Although the data below holds other lines too, output only those from the line with "les îles britanniques." up to and including the line with "I had my first", exactly as they appear.

══════

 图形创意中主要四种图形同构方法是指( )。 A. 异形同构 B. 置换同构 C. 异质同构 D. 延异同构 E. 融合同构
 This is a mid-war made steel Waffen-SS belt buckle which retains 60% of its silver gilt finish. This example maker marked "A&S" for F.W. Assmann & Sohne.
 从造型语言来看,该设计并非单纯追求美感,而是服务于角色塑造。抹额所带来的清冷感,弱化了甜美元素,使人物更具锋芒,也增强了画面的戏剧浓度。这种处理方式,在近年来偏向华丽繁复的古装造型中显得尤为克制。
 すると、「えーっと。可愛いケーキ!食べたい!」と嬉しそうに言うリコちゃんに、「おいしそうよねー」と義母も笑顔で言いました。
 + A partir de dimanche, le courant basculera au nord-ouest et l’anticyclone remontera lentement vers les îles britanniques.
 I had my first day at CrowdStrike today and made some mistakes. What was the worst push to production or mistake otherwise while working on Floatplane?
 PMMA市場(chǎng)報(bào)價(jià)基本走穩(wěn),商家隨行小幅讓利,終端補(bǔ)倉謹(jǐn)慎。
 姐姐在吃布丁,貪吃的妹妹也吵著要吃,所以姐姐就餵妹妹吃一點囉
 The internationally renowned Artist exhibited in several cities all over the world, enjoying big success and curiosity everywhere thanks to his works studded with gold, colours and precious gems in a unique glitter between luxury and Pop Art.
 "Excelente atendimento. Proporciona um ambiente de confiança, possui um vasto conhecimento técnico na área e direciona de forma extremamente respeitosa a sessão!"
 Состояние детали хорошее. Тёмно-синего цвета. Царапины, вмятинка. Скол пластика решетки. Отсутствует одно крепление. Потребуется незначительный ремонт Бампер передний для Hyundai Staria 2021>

══════

_Result:_
 + A partir de dimanche, le courant basculera au nord-ouest et l’anticyclone remontera lentement vers les îles britanniques.
 I had my first day at CrowdStrike today and made some mistakes. What was the worst push to production or mistake otherwise while working on Floatplane?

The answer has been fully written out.